A modelshop I used to frequent sold slot racing motors, the boxes of quite a few had been opened. They had been rejected by members of the slot racing club. The owner was quite happy to sell them and they seemed to be perfectly good double ended motors. Apparently they were hand wound, and the packing slip carried a number for whoever had assembled it. They reckoned that one particular numbered ones were always slower than the others! Probably an urban myth that had spread through the slot racing community, but there was possibly a grain of truth in it.
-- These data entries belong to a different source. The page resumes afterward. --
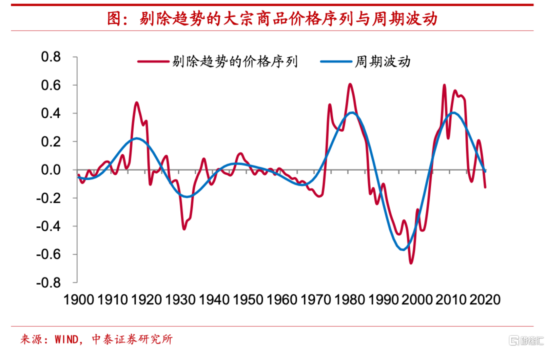 三十年的週期波動,低點出現五年之後。而在剔除掉趨勢項之後,全球大宗商品價格存在着較爲規律的週期波動,這一週期約爲30-35年左右,這基本上等同於一輪房地產週期的長度。從1900年以來的時間序列來看,大宗商品實際價格的週期頂點共出現了四次,分別在1917年、1947年、1981年和2011年,而低點共出現三次,分別在1932年、1966年和1996年。按照這個規律來推斷,目前全球大宗商品價格仍處於週期下行期,根據對歷史價格的週期波動規律演繹,我們預計下一次全球大宗商品價格低點很可能出現在2026年左右,距當前還有約四五年的時間。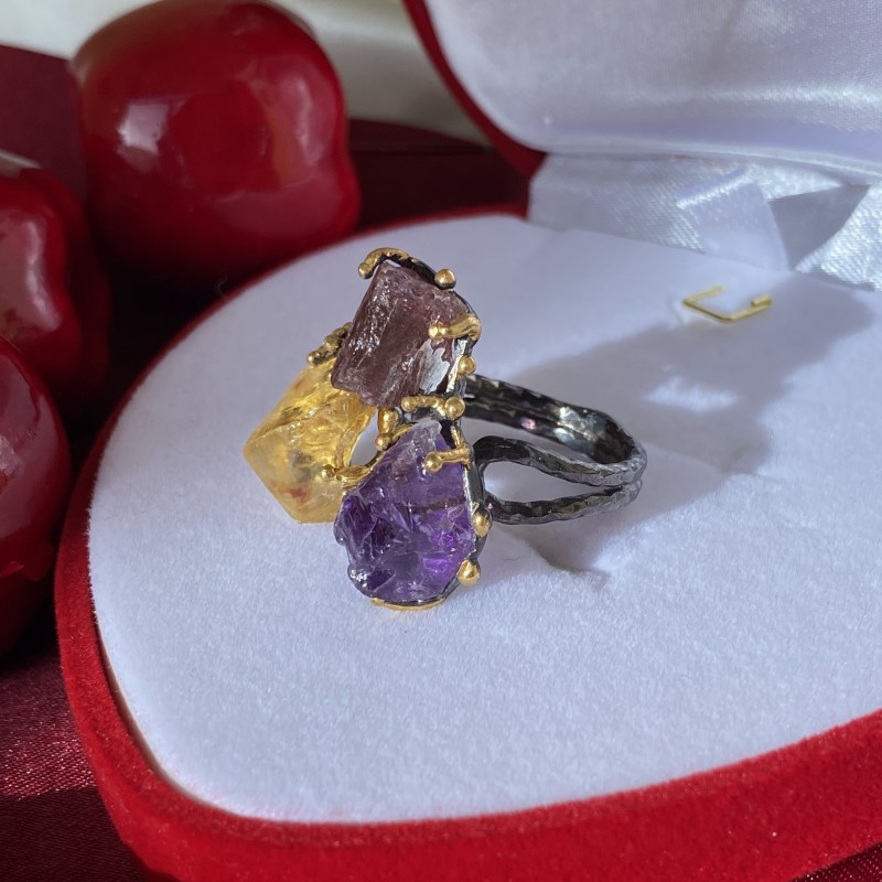 Ein bezaubernder Ring aus geschwärztem 925er Silber mit massiver Gelbgoldbeschichtung, verziert mit wunderschönen Citrin, Korund Rubin und Amethyst. Durch gekonnt gesetzte Akzente mittels Vergoldung wirkt der Ring einzigartig schön. Eine hervorragende Ergänzung zu Ihrem Bild von Weiblichkeit und Romantik.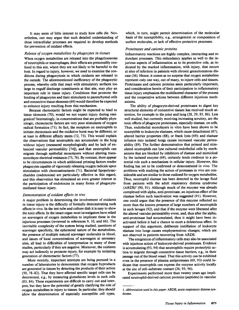 Tissue injury in inflammation. Oxidants, proteinases, and cationic proteins.
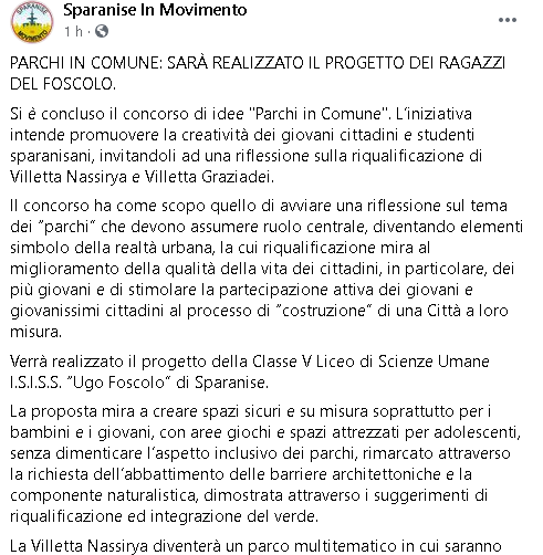 Lo apprendiamo dalla pagina Facebook Sparanise in Movimento.

Apologies for staying off topic for a bit longer but the subject could be read across to model railway motors - I used to rewind slot car motors in a previous life and it was part science, part art, part - 'I wonder if...'.
To get a more powerful but peaky motor it would be rewound with thicker wire and less turns. More oomph obviously meant more amps to run it.
For an easier to drive motor for the kids it was mega turns of very thin wire. Less oomph meant less amps to run it.
You can find look up tables on the inter-web showing the wire gauge to turns relationships.
See here for a How-To on rewinding basics. http://www.ncphobbies.com/rewind.html
Once rewound the armatures were bombproofed by soaking the windings in Araldite then carefully balanced on 2 razor blades.
Rob

[Bramshot]

I tried using the user programmable characteristic on a Zen decoder. Total disaster! The decoder will not apply acceleration or deceleration between step 0 and step 1 correctly, so there is a step change of speed at start and stop. Also, when I used a value of 1 for the first step, to try to sort this out, it takes off at full speed at that step, then reverts to the programmed values for the other steps!
I also had a play with the back emf control, as this is bound to affect linearity. All you can do with Zen is turn it off completely or select the speed at which it cuts off. In fact, I would have expected the feedback from this control to help to linearise the loco speed by taking out some of the loading variables. With back emf and the user defined curve, the loco noticeably changes speed as it goes round curves or up gradients (slows down) or down gradients (speeds up), both appearing to indicate that it isn’t actually working. It does not do this when using the standard straight line. Without it and with the user programmed linear curve the loco exhibits very non linear behaviour being faster than expected at the lower speed steps.
I have contacted DCC Concepts about this and will see what they say.